Но ведь что может быть прекрасней, когда почва из-под ног уходит!
Мир существует для того, чтобы представиться нам погибшим, услышала я когда-то от отца, — тогда и только тогда и начинается жизнь. Не знаю, что он подразумевал под словом «жизнь», но мне иногда кажется, что однажды я проснусь. Я даже не могу представить, в каком состоянии буду находиться. Но всегда думаю, что этому должно предшествовать чудо.

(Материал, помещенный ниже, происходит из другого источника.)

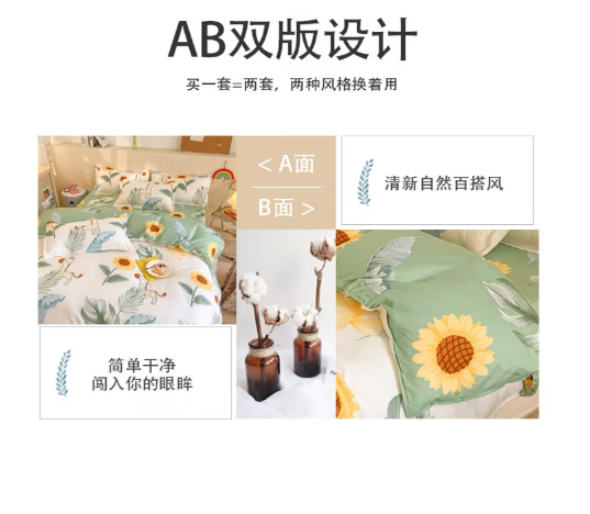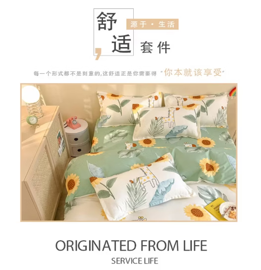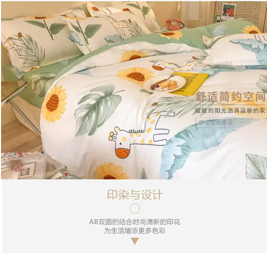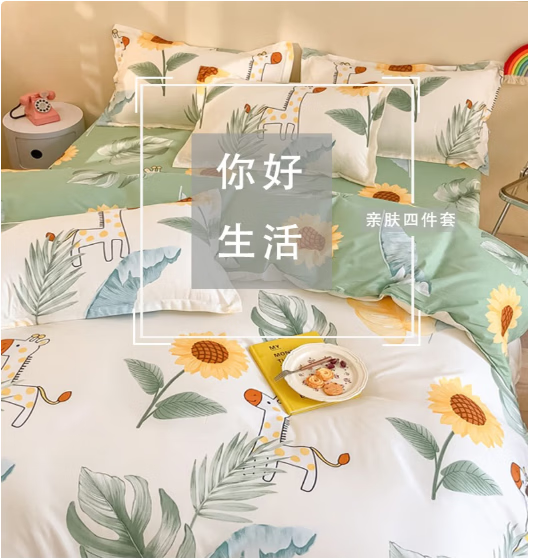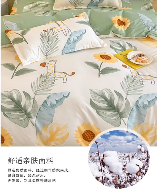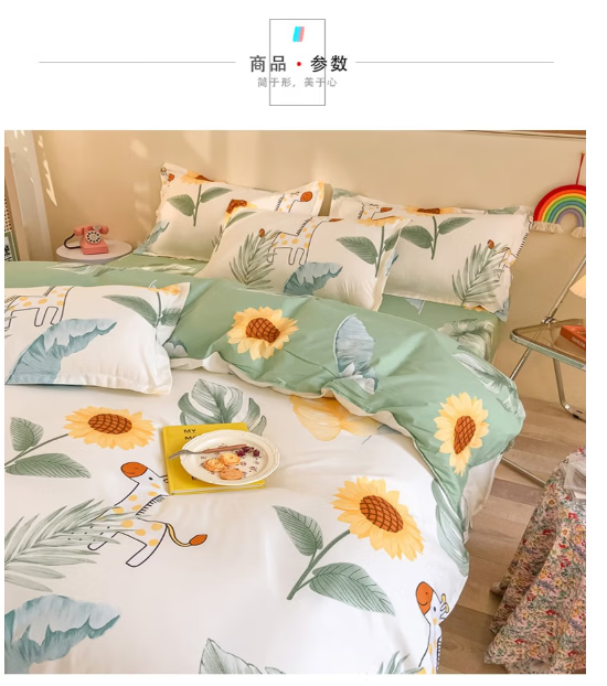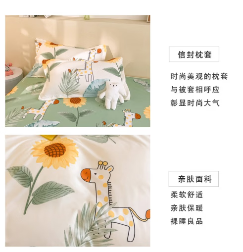 唐纳家纺裸睡级水洗棉四件套亲肤透气床单被套床单款床上用品 水洗棉四件套-阳光小鹿 【柔软舒适 吸湿透气】 1.8m 床单款 (被套200*230cm)

«Неужели ты уже испытала нечто такое, что то и дело ожидаешь этого?» — часто спрашивали меня подруги, и, когда я признавалась, что нет, они приходили в восторг и чувствовали себя победителями. Скажите, господин Пернат, а вы бы смогли понять такую душу? Уж если бы я все-таки и испытала чудо, даже если вот хоть настолечко крошечное, — глаза Мириам заблестели, — я бы ни за что не сказала им…
Я услышал, как ее голос почти заглушили слезы радости.
— … Но вы поймете меня: часто, неделями и даже месяцами, — Мириам перешла на шепот, — мы жили только ожиданием чуда. Когда в доме не было ни куска хлеба, тогда я знала — час настал! Я усаживалась здесь и долго ждала, пока не начинала задыхаться от бешеного сердцебиения. А потом — а потом как будто меня что-то звало внезапно. Я спускалась вниз и бежала по улицам до изнеможения, быстро, как могла, чтобы вовремя поспеть домой, пока не вернулся отец. И… и каждый раз находила деньги. Когда меньше, когда больше, но всегда столько, что можно было купить самое необходимое. Часто посредине улицы валялся гульден, я издали видела, как он сверкает, люди наступали на него, теряли равновесие, поскользнувшись на нем, но никто его не замечал. Это делало меня иногда такой озорной, что я совсем уже не показывала носа на улицу, но прямо под боком, на кухне, как ребенок, искала на полу, не упали ли с неба деньги или кусок хлеба.